News release by Aberdeen City UNISON
Date: Tue 15 June 2010
UNISON, Aberdeen’s largest public sector trade union, is calling on Aberdeen City Council members to protest during their lunch-hour on Thursday 17 June, to warn councillors of the expensive consequences if they decide to defer paying thousands of council workers increments.
City councillors will meet on Thursday to vote on a recommendation to defer the annual increment due to workers who have not reached the going rate for their job.
Karen Maxfield, Branch Secretary of Aberdeen City UNISON, said:
"Withholding the increment is a breach of our contract, which the Council imposed on us only last year. If they defer, they won’t actually save any money at all because they will have to pay it next year instead.
Karen Maxfield said:
"Many hundreds of low paid workers are now entitled to an increment for the first time. We’re not talking huge sums of money here – a personal carer helping someone to stay in their own home will get £9.99 more a week after a year in the job, when she has got more skills and experience which enables her to give a better service to her clients. It will cost the council a lot more than that to defend a legal claim by her if she doesn’t get her increment. The top of the pay scale is the full rate for the job – it’s right that people have to work up to the full rate, but they have to trust their employer to pay it when they get there."
UNISON has lodged over 360 claims for members who are furious at the Council’s heavy-handed tactics.

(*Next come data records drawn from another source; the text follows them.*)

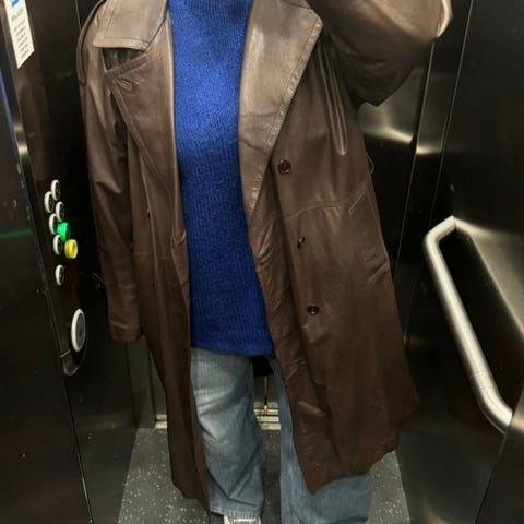 Svart jakke/kåper fra H&M, belte, gulfarget beslag på enden av beltet og på arm-spenner. Flott snitt. Brukt 2 ganger. Med tynt for, ikke kåpe for å holde varmen, men penkåpe. Kjøper betaler porto
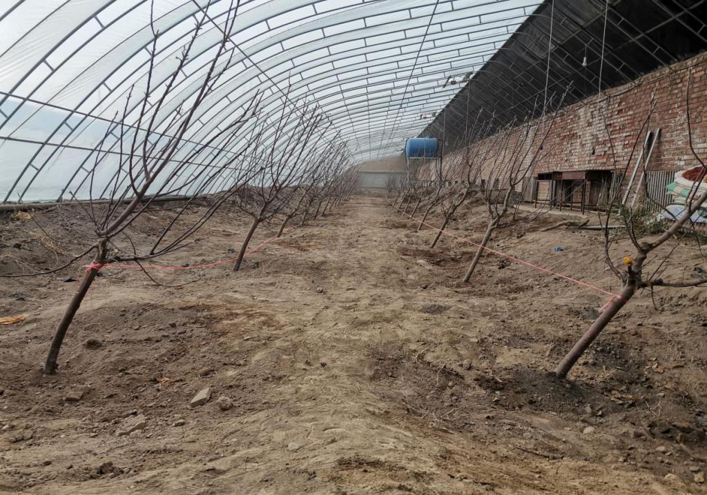 设施果树栽培通常采取向北倾斜60°的方法,首先这样可以有效利用设施空间,避免棚高过低限制树形;其次这样可以增强光合作用,从而增加有机物积累量,提高果实商品价值;最后这样可以方便水肥管理、套袋、采收等管理工作。
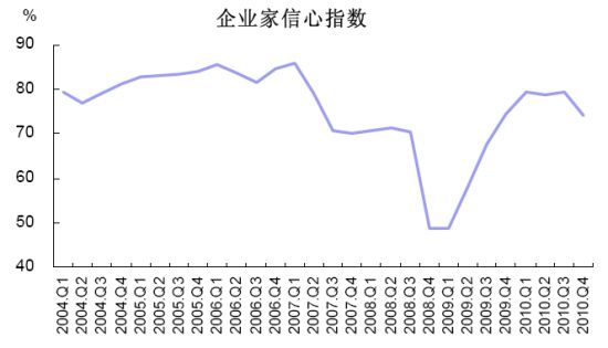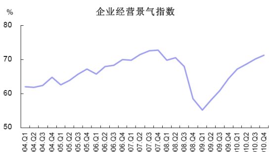 2010年第4季度,中國人民銀行在全國進(jìn)行了企業(yè)家問卷調(diào)查,調(diào)查結(jié)果顯示:企業(yè)家信心高位回落;企業(yè)經(jīng)營狀況良好,景氣指數(shù)連續(xù)第七個(gè)季度攀升,未來預(yù)期謹(jǐn)慎樂觀;國內(nèi)訂單繼續(xù)上行,出口訂單出現(xiàn)下滑;原材料價(jià)格上升明顯;支付能力創(chuàng)新高;企業(yè)投資意愿轉(zhuǎn)升為降,出現(xiàn)波動(dòng)。

The Council has already paid teachers their increment this year and many UNISON members who work in schools, such as Pupil Support Assistants, janitors, nursery nurses and school meal staff, say their work is being undervalued by not treating them the same as the teachers because they are as essential to providing a good educational experience.
UNISON is urging all council workers to defend their increments by joining the lobby of the Town House from 12 noon on Thursday.

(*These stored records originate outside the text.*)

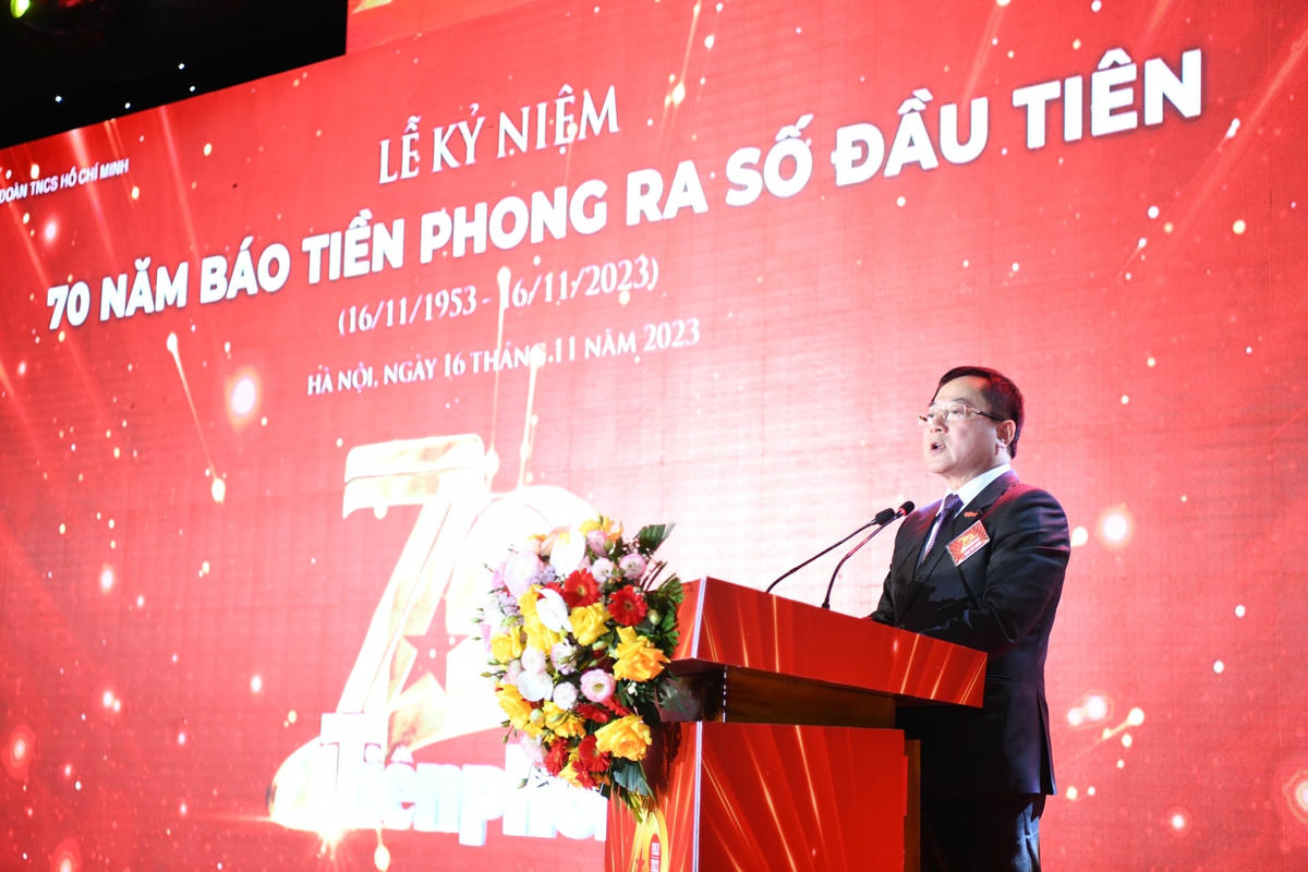 Trưởng ban Tuyên giáo Trung ương Nguyễn Trọng Nghĩa nhấn mạnh, Báo Tiền Phong ra đời tại chiến khu Việt Bắc, trong giai đoạn chiến tranh, trải qua 70 năm xây dựng và trưởng thành, luôn phát huy tinh thần xung kích, tiền phong trong tuyên truyền các chủ trương, đường lối, chính sách của Đảng, Nhà nước; phản ánh khách quan, toàn diện mọi mặt đời sống xã hội, nhất là các tâm tư, tình cảm, nguyện vọng của thế hệ trẻ.
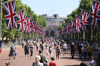 People walk along The Mall, decorated for the Platinum Jubilee.Credit:AP
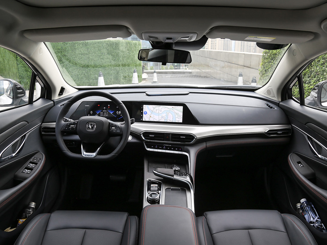 相比起外观,UNI-T的内饰设计相对收敛一些,但中控台用了大面积软质材料做包裹这点足够好评,比较吸引眼球的是全新样式的电子挡把设计,像极了宇宙飞船操作杆,非常有未来感。
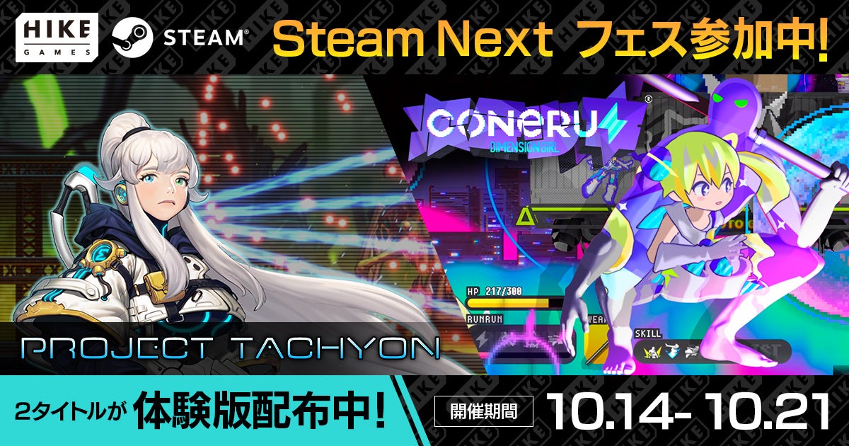 株式会社HIKEのゲームブランド「HIKE GAMES」は、Steam®が実施するSteam Nextフェスに参加し、2025年発売予定のラン&ガンアクションシューティング『PROJECT TACHYON』と2Dアクション“デート”『CONERU -DIMENSION GIRL-』の体験版を公開します。
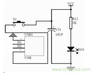 此最小系統(tǒng)中的電源供電模塊的電源可以通過(guò)計(jì)算機(jī)的USB口供給,也可使用外部穩(wěn)定的5V電源供電模塊供給。電源電路中接入了電源指示LED,圖中R11為L(zhǎng)ED的限流電阻。S1為電源開關(guān)。
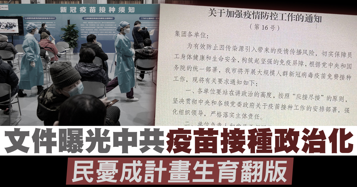 文件曝光中共疫苗接種政治化 民憂成計畫生育翻版
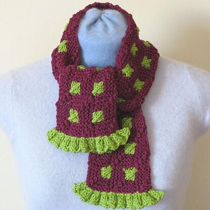 Mitred Squares, also known as Domino Knitting, also known as Modular Knitting - some of the names for this great patchwork technique. Each square is picked up from those around it so there are no seams to sew to make this scarf. It has a frilled edging on each end.
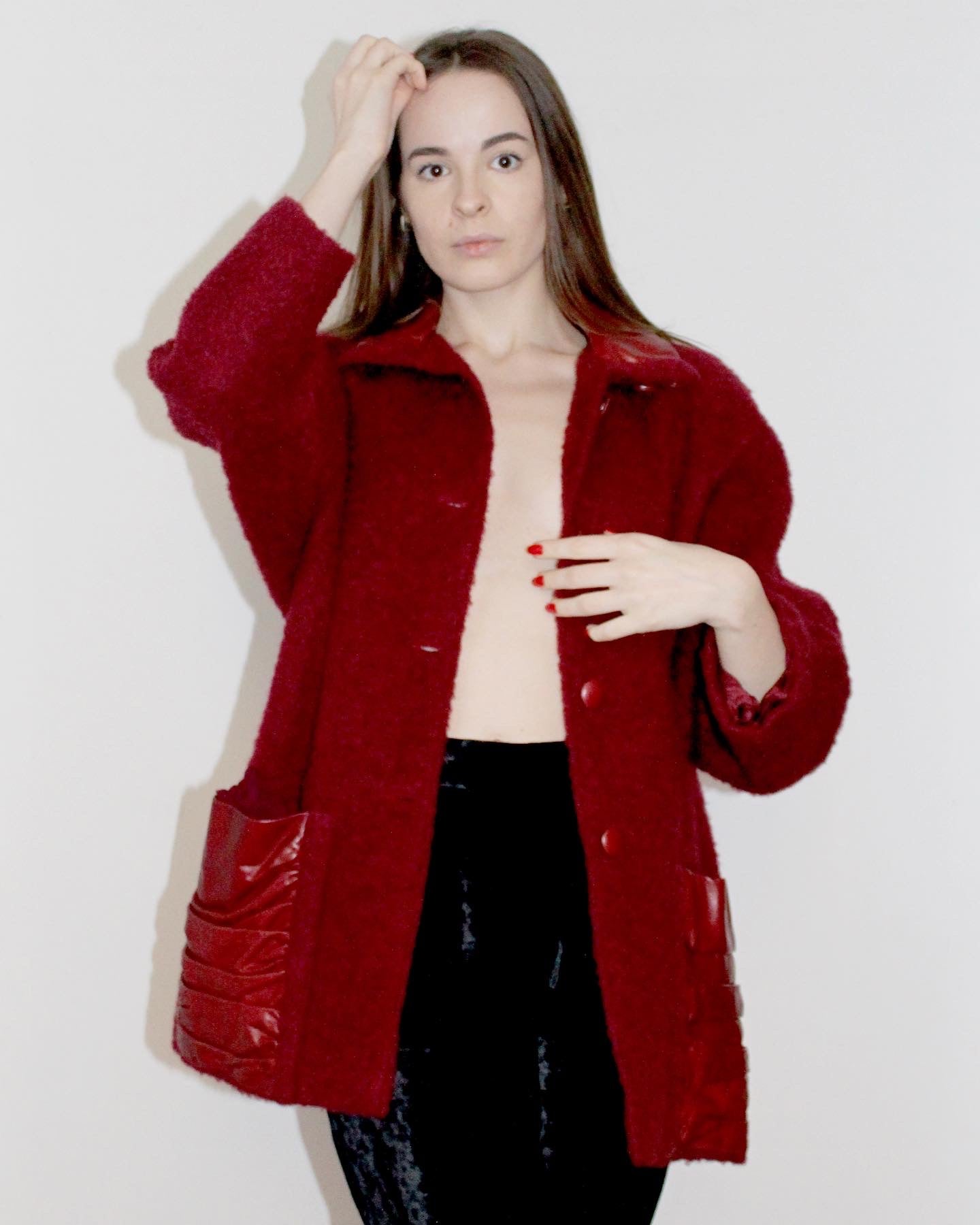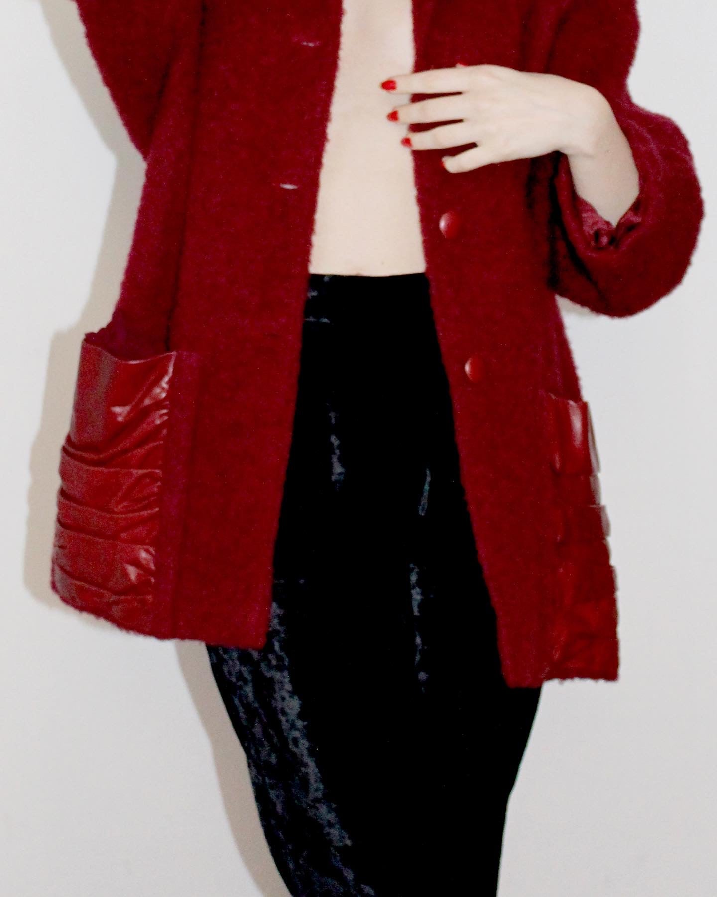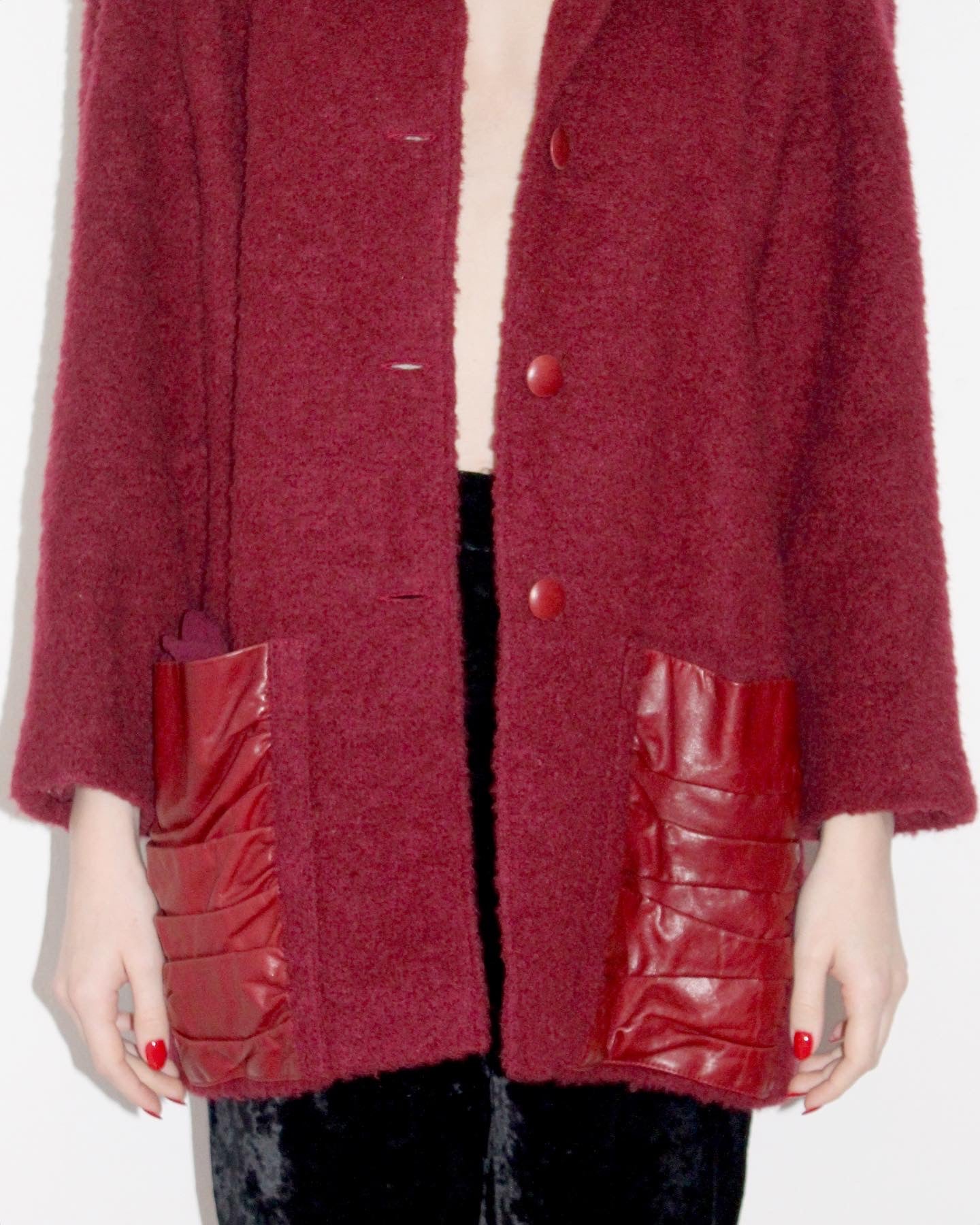 Cappotto bordeaux di lana con tasche in pelle, Cinzia Ruggeri.

* UNISON has discovered that the archive minutes for Aberdeenshire Council in the 1940s show that Aberdeenshire Council proposed withholding increments as the war was cutting into its finances. After consideration the Council did not consider war to be a circumstance severe enough to withhold the increments their staff were due.

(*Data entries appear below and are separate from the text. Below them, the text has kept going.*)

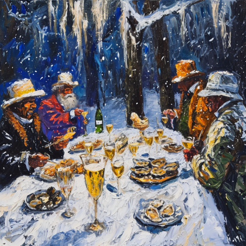 mardis gras party with champagne and oysters cajun creole in the snow --v 6.0
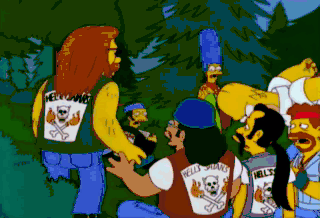 Marge? What do we do here, Marge? He's using violence. Talk to him. Use your words. Homer. Homer, stop it. We've given up our violent ways. We just want to live peacefully with your wife.
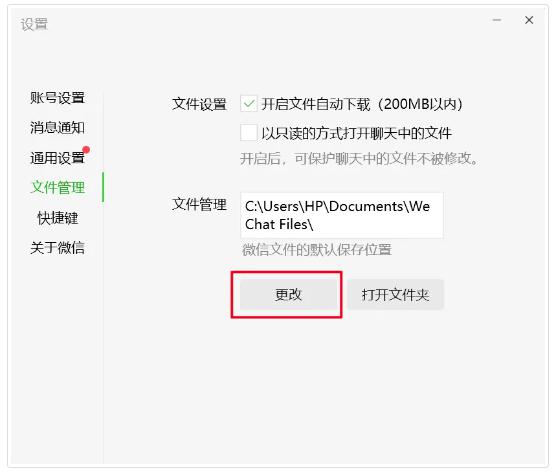 ① 打开电脑版微信,在左下角找到 【设置】 -- 【文件管理】 -- 【更改】;
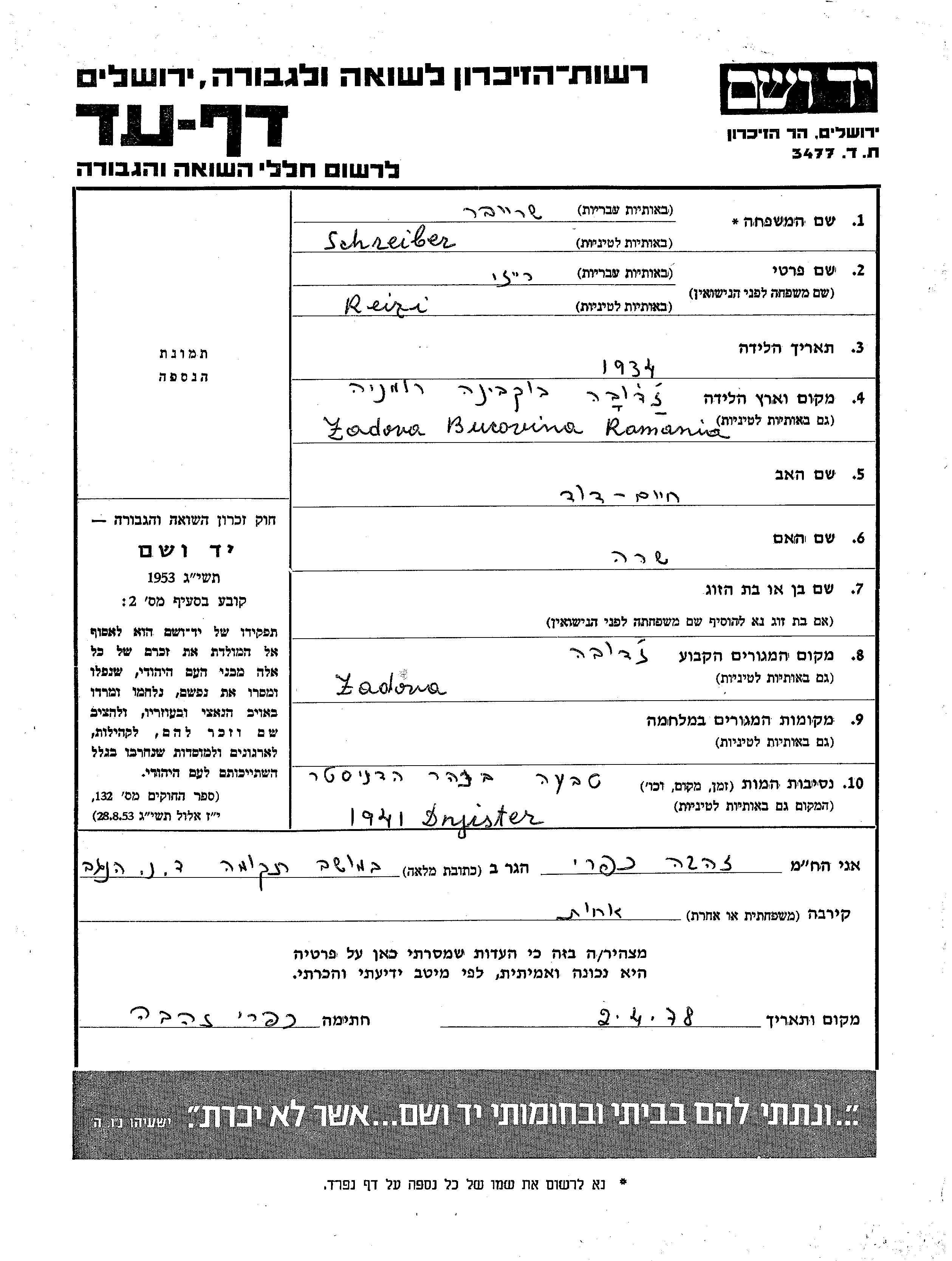 Reizi Schreiber wurde im Jahr 1934 in Zadowa, Rumänien geboren. Sie war die Tochter von Khaim David und Sara. Vor dem Zweiten Weltkrieg lebte sie in Zadowa, Rumänien.

Karen Maxfield, Aberdeen City UNISON Branch Secretary, said:
"If war wasn’t enough in the 1940s, what reason could be good enough now?"
ends
Notes for editors:
1. Aberdeen City Council Finance and Resources Committee is considering the ‘Employment Costs’ report at 2pm on Thursday 17 June, which recommends deferring increments due on 1st April 2010 for one year.
2. 6555 staff out of 8,962 should have received an increment on 1 April 2010.
3. UNISON and other trade unions are holding a joint lobby of the Town House at 12 noon on Thursday 17 June.
4. UNISON is distributing thousands of leaflets round council workplaces urging workers to protest to protect their rights.